A situação não é melhor no hospital al-Awda. Mohammad Salha, seu diretor interino, disse: “Há escassez de combustível, de medicamentos, de suprimentos médicos e de alimentos. Não há água saudável no norte.”
Salha acrescentou: “Não há ambulâncias. As pessoas estão trazendo os feridos do campo em burros e nos ombros. Alguns estão morrendo nas ruas porque ninguém pode cuidar deles ou os estão carregando para o lado errado.”
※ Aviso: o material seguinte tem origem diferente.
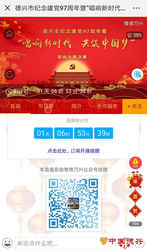 6月29日晚7点,德兴市纪念建党97周年暨“唱响新时代 共筑中国梦”歌咏大赛决赛正式开赛!德兴报社“惟德乃兴”微信公众号平台将为您现场直播决赛实况,此次直播采用多机位多角度进行拍摄,现场切换传输信号,正规专业团队将带给您更加直观、全方位的视觉体验!
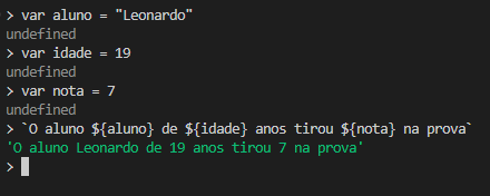 `O aluno ${aluno} de ${idade} anos tirou ${nota} na prova`
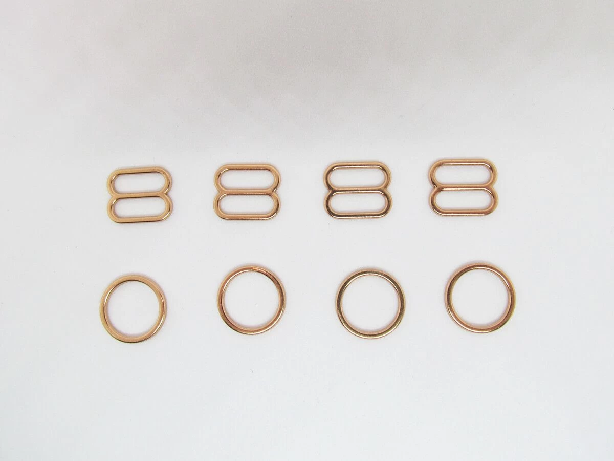 This rose gold lingerie strap kit comes with eight pieces in total which is enough to make four individual straps. This kit comes with four rings and four sliders to make a 12mm adjustable lingerie strap.
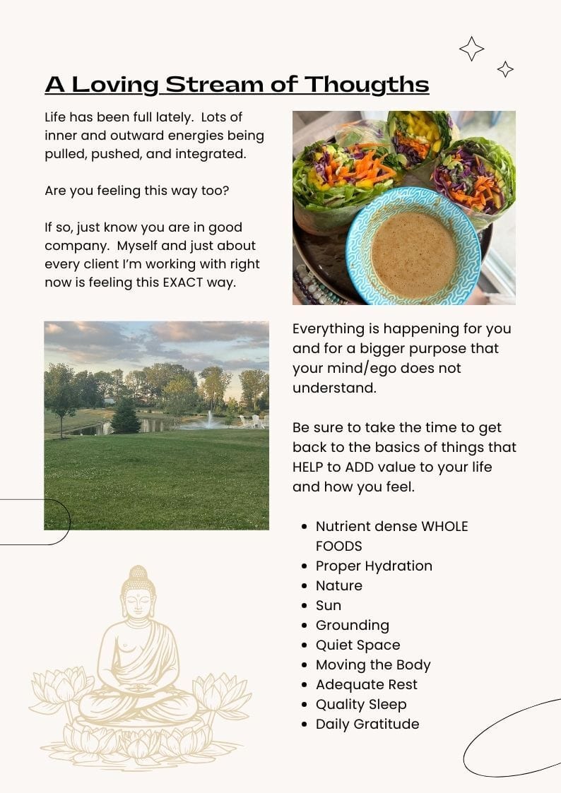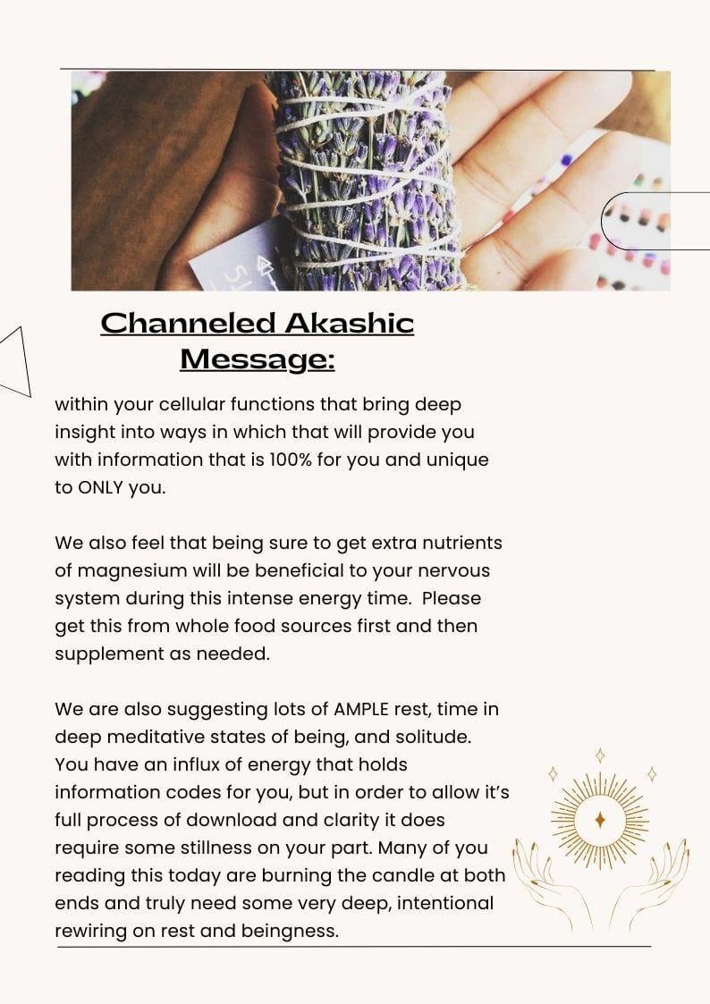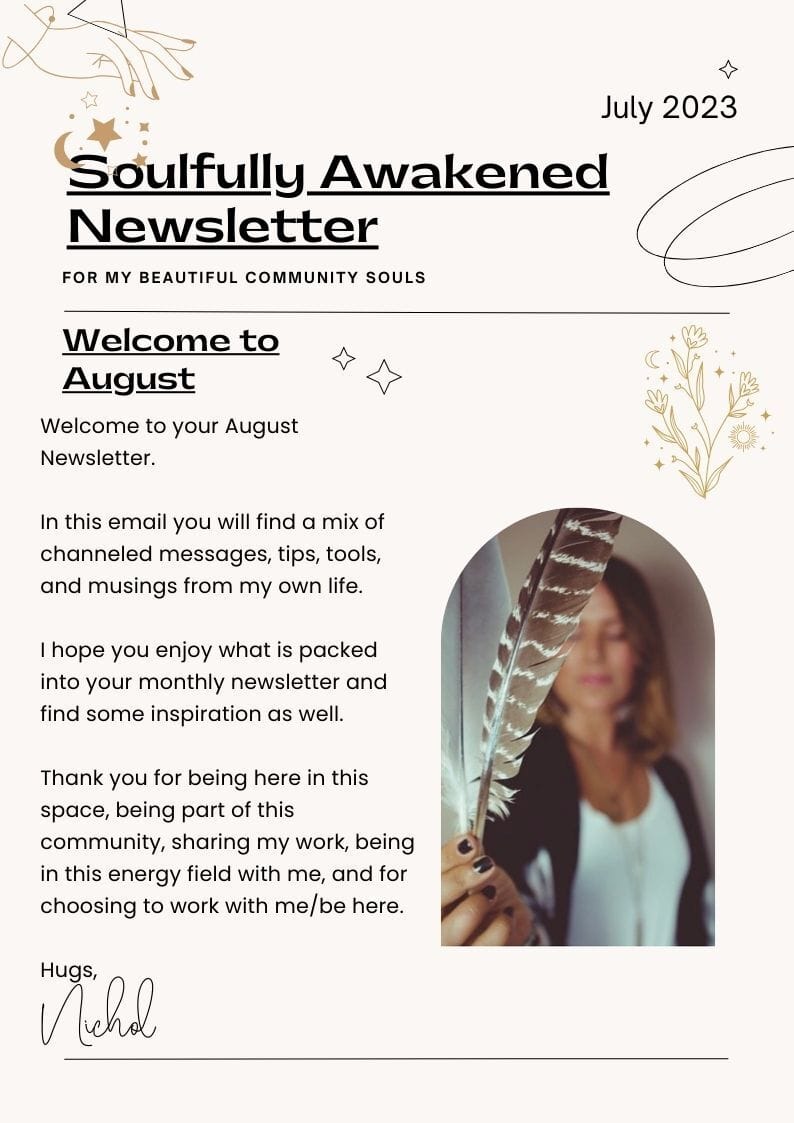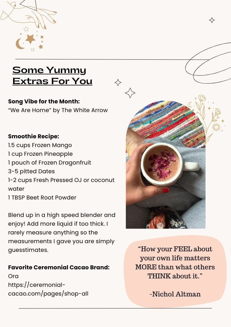 Monthly teaching via audio, a new guided meditation each month, weekly journal prompts, pop up channeled guidance, energy updates, and soon to come…..live group healing/coaching sessions.
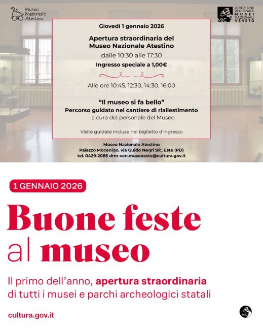 Capodanno al museo nazionale Atestino di Este (Pd). Il 1° gennaio 2026 il museo sarà straordinariamente aperto dalle 10.30 alle 17.30, con un biglietto speciale a 1 euro. Alle 10.45, 12.30, 14.30 e 16, “Il museo si fa bello”, percorso guidato al cantiere di riallestimento a cura del personale del museo, incluso nel prezzo del biglietto.

Os leitos de internação, maternidade e outras enfermarias estão cheios de pacientes feridos pelos bombardeios, e resta apenas um cirurgião. Al-Awda não tem mais unidades de sangue O-positivo, O-negativo, B-positivo ou B-negativo, disse Salha, “então, se algum caso chegar e precisar desses grupos sanguíneos, eles morrerão”.
“Estamos fazendo muitos apelos à OMS e temos uma promessa [of deliveries]mas os israelenses se recusam a permitir a passagem de uma missão ao hospital”, disse ele, acrescentando: “Não sabemos como lidar com esta situação”.
O “plano dos generais” foi apresentado como um meio de usar a guerra de cerco para pressionar o Hamas a libertar os seus reféns israelitas. Defendendo-o em um artigo em Haaretz na sexta-feira, o seu principal autor, o major-general reformado Giora Eiland, argumentou que o cerco não era um crime de guerra se os civis fossem evacuados primeiro, e que a ocupação seria temporária, como forma de exercer pressão real sobre o Hamas.
“Se o Hamas tivesse entendido que não devolver os reféns significa perder 35% do território da faixa, já teria chegado a um acordo há muito tempo”, escreveu Eiland.
Outros analistas argumentaram que o plano fazia pouco sentido militar, já que o Hamas poderia reconstituir-se em qualquer lugar e regressar mais tarde.
Para aqueles que estão sob ataque no norte de Gaza, não parece ser uma medida de contra-insurgência. “Eles matam todas as pessoas sem separar um civil ou um combatente”, disse Ahlam al-Tlouli, um homem de 33 anos do campo de Jabalia.
Ele disse que seu pai, sua madrasta e sua irmã foram mortos por atiradores e que seu irmão estava desaparecido desde o Ramadã. “Tivemos oportunidades de seguir para o sul, mas recusamos porque sabemos que os bombardeios estão por toda parte e não há lugar seguro.”
A ferocidade do que está a acontecer no norte de Gaza aumentou as suspeitas de que existem objectivos de maior alcance em jogo. Idan Landau, professor de linguística e comentador político da Universidade de Tel Aviv, escreveu no seu blog, Don’t Die Stupid, que “o objectivo final do plano não é militar, mas sim político – reassentar Gaza”.
É assim que parece o Ramadã em Beit Lahiya. Ele disse: “Temo que, se formos, eles não nos deixem voltar. Eles tomarão nossas terras e casas e as anexarão a Israel ou as transformarão em assentamentos.”
O secretário-geral da ONU, António Guterres, apelou na quarta-feira à comunidade internacional para que se mantivesse firme na prevenção da “limpeza étnica” em Gaza, mas os EUA e outros aliados ocidentais de Israel têm estado até agora relutantes em usar a influência dos seus fornecimentos de armas para influenciar a política.
No dia 21 de Outubro, o movimento radical Nachala realizou um festival no feriado de Sucot intitulado: “Preparando-se para Colonizar Gaza”. Estiveram presentes membros importantes do gabinete de Benjamin Netanyahu, bem como representantes de seu partido Likud. O ministro das Finanças, Bezalel Smotrich, disse a caminho do evento que a Faixa de Gaza é “parte da terra de Israel”, acrescentando que os colonatos eram a única forma verdadeira de segurança.
“Todos os sinais indicam que Israel não planeia deixar os deslocados regressarem”, escreveu Landau no seu blog, traduzido e republicado pelo +972 revista. “Neste sentido, a destruição no norte de Gaza é diferente de tudo o que vimos antes.”